As you print the data below, keep every line exactly as it is and leave the images behind.

####

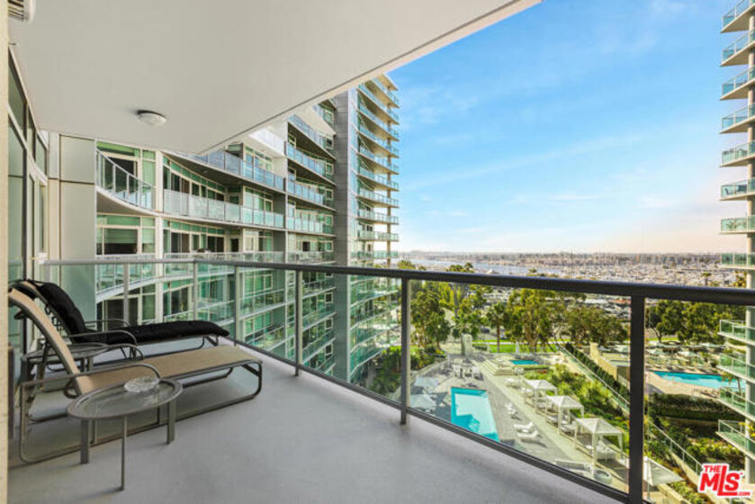 Easy California coastal living in the luxurious, full-service, resort-style, iconic Regatta Seaside high-rise. This bright 2 bedroom, 2.5 bath, 1945 Square Feet unit is situated in the premier south/west location providing unparalleled Marina and ocean views. Enjoy spectacular sunsets and gentle sea breezes. The unit features an open floor plan, high ceilings, a large master suite, spacious guest suite, all marble baths, 2 walk-in closets, direct access to the huge balcony with gas BBQ hook-up from the living room, kitchen, and master bedroom. A gourmet kitchen has quality appliances, granite counters and all maple cabinets. Be pampered by an attentive staff and enjoy all the building amenities:24-hour security, reception desk, guest valet parking, pool, spa, sauna, fitness center, screening room, conference room and more. Ideally located close to shops, restaurants, beach, beach bike path, boating, movie theaters, freeway access and LAX airport. Rare opportunity!
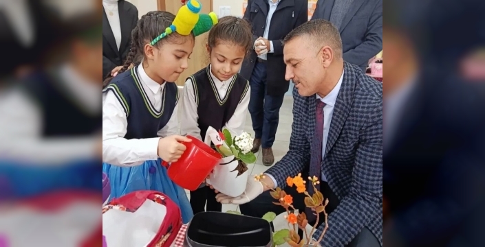 Programın en renkli anları ise çiçek dikimi atölyesinde yaşandı. İlçe Milli Eğitim Müdürü Yüksel Zorlu ve Şube Müdürü Mecit Irmak, öğrencilerle birlikte geri dönüşümlü saksılara fidan dikerek can suyu verdi.
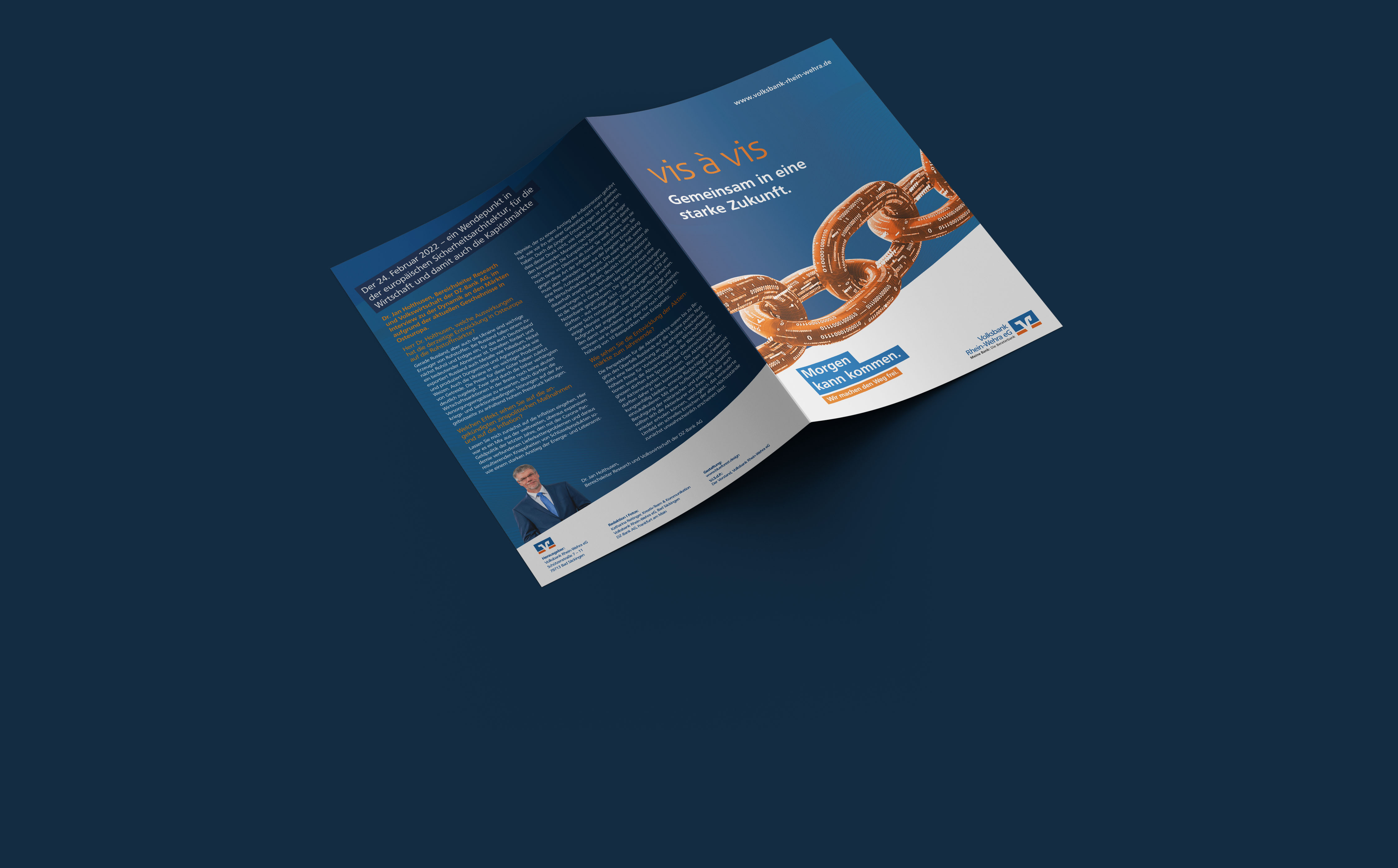 Die Volksbank Rhein-Wehra eG ist eine Genossenschaftsbank. Unsere Region kann auch in Zukunft auf sie zählen. Was sie auszeichnet, ist das Geschäftsmodell. Denn dies ist einzigartig in der Bankenwelt. Aber wofür steht die Marke Volksbank Rhein-Wehra als Ganzes? Wie sieht der rote Faden für eine übergreifende Kommunikation aus?
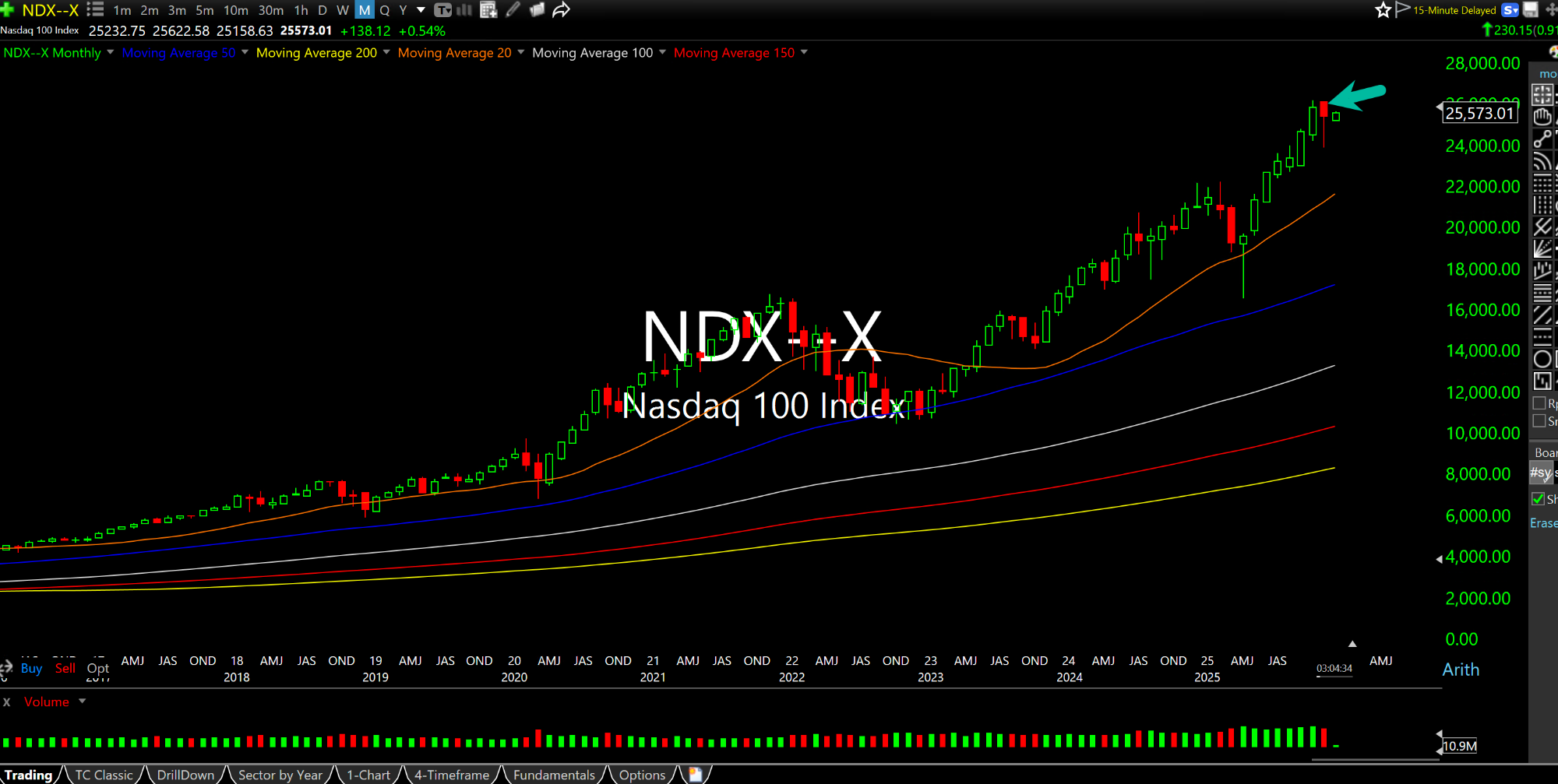 Inversely, the second monthly chart for the Nasdaq-100 Index shows us November's now-competed candle (arrow) is a potential bearish "hanging man" reversal. After a prior downtrend this same candle would be called a bullish "hammer." Alas, location, location, location, since it is now occurring after an epic muti-month winning streak for the index.
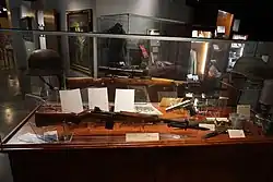 Murphy was initially assigned to the Intelligence Office headquarters, 1st Battalion, 141st Infantry as S-2, and attended the Guard's two-week summer training at Fort Hood as a range officer.[137] 19 December 1950, Murphy was transferred to division headquarters as an aide to Ainsworth.[138] At the 1951 summer training camp at Fort Polk, Louisiana, Murphy was in charge of training approximately 500 inexperienced new recruits in bayonet, marksmanship and close order drill.[139] Fellow instructor Captain Tom Berry remembered, "In my opinion, Audie Murphy set the tone for the obvious high esprit de corps for the 36th Division which lasted throughout my association with the Division [eighteen years]. Audie Murphy walked the way he talked."[140]

####

*Answer section*.
 Easy California coastal living in the luxurious, full-service, resort-style, iconic Regatta Seaside high-rise. This bright 2 bedroom, 2.5 bath, 1945 Square Feet unit is situated in the premier south/west location providing unparalleled Marina and ocean views. Enjoy spectacular sunsets and gentle sea breezes. The unit features an open floor plan, high ceilings, a large master suite, spacious guest suite, all marble baths, 2 walk-in closets, direct access to the huge balcony with gas BBQ hook-up from the living room, kitchen, and master bedroom. A gourmet kitchen has quality appliances, granite counters and all maple cabinets. Be pampered by an attentive staff and enjoy all the building amenities:24-hour security, reception desk, guest valet parking, pool, spa, sauna, fitness center, screening room, conference room and more. Ideally located close to shops, restaurants, beach, beach bike path, boating, movie theaters, freeway access and LAX airport. Rare opportunity!
 Programın en renkli anları ise çiçek dikimi atölyesinde yaşandı. İlçe Milli Eğitim Müdürü Yüksel Zorlu ve Şube Müdürü Mecit Irmak, öğrencilerle birlikte geri dönüşümlü saksılara fidan dikerek can suyu verdi.
 Die Volksbank Rhein-Wehra eG ist eine Genossenschaftsbank. Unsere Region kann auch in Zukunft auf sie zählen. Was sie auszeichnet, ist das Geschäftsmodell. Denn dies ist einzigartig in der Bankenwelt. Aber wofür steht die Marke Volksbank Rhein-Wehra als Ganzes? Wie sieht der rote Faden für eine übergreifende Kommunikation aus?
 Inversely, the second monthly chart for the Nasdaq-100 Index shows us November's now-competed candle (arrow) is a potential bearish "hanging man" reversal. After a prior downtrend this same candle would be called a bullish "hammer." Alas, location, location, location, since it is now occurring after an epic muti-month winning streak for the index.
 Murphy was initially assigned to the Intelligence Office headquarters, 1st Battalion, 141st Infantry as S-2, and attended the Guard's two-week summer training at Fort Hood as a range officer.[137] 19 December 1950, Murphy was transferred to division headquarters as an aide to Ainsworth.[138] At the 1951 summer training camp at Fort Polk, Louisiana, Murphy was in charge of training approximately 500 inexperienced new recruits in bayonet, marksmanship and close order drill.[139] Fellow instructor Captain Tom Berry remembered, "In my opinion, Audie Murphy set the tone for the obvious high esprit de corps for the 36th Division which lasted throughout my association with the Division [eighteen years]. Audie Murphy walked the way he talked."[140]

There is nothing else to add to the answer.